From the listing that follows, reproduce only the lines from the one holding "Электрокипятильник Viatto VA-WB20" through the one holding "Biodata Cut Nyak", both included, with no pictures.
(RECORDS TO USE begins)
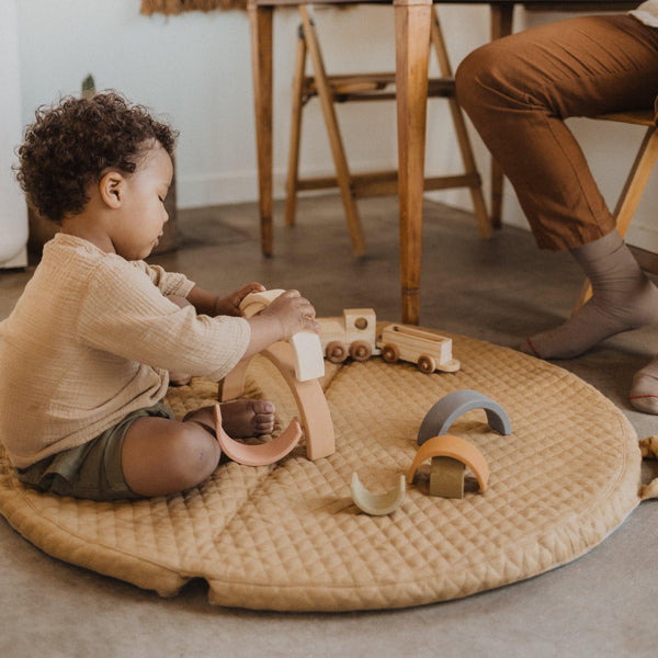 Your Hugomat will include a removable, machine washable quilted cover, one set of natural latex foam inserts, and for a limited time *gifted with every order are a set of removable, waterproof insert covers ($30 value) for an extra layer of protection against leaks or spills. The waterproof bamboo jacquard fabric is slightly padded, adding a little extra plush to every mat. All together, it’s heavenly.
(RECORDS TO USE ends)
(RECORDS TO USE begins)
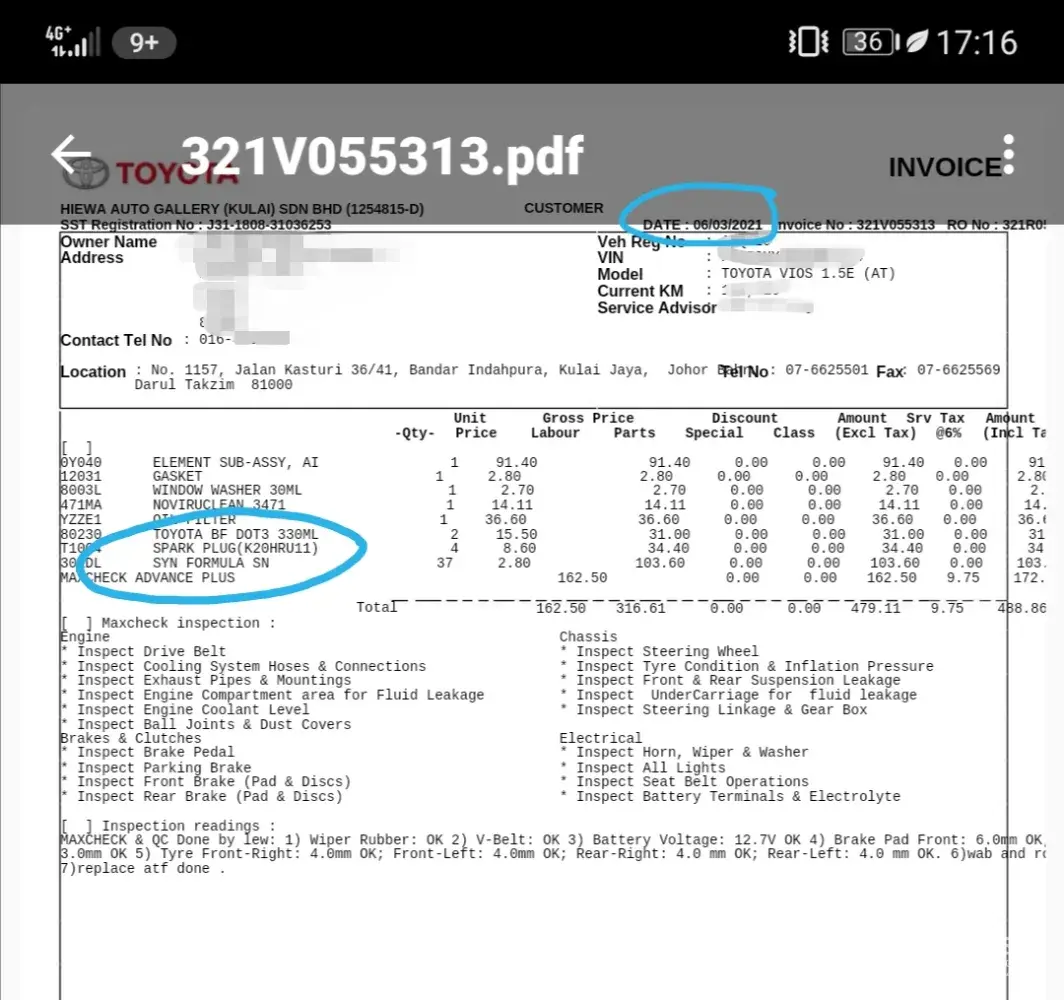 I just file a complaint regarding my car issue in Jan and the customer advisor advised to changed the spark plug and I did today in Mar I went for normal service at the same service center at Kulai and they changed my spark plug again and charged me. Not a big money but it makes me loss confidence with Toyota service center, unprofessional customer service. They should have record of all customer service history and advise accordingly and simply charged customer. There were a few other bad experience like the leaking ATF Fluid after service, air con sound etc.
(RECORDS TO USE ends)
(RECORDS TO USE begins)
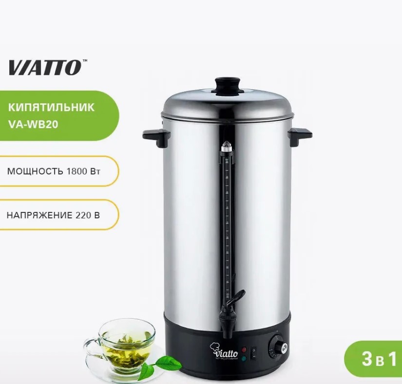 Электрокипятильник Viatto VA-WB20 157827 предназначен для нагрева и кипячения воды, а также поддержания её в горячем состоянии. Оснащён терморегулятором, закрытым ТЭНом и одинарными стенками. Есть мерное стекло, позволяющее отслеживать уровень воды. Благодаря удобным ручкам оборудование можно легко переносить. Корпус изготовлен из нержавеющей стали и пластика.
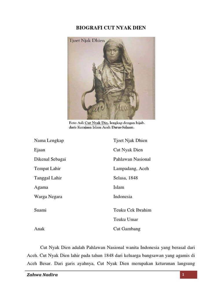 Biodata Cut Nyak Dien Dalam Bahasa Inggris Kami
(RECORDS TO USE ends)
* [YOUR SOLUTION]:
 Электрокипятильник Viatto VA-WB20 157827 предназначен для нагрева и кипячения воды, а также поддержания её в горячем состоянии. Оснащён терморегулятором, закрытым ТЭНом и одинарными стенками. Есть мерное стекло, позволяющее отслеживать уровень воды. Благодаря удобным ручкам оборудование можно легко переносить. Корпус изготовлен из нержавеющей стали и пластика.
 Biodata Cut Nyak Dien Dalam Bahasa Inggris Kami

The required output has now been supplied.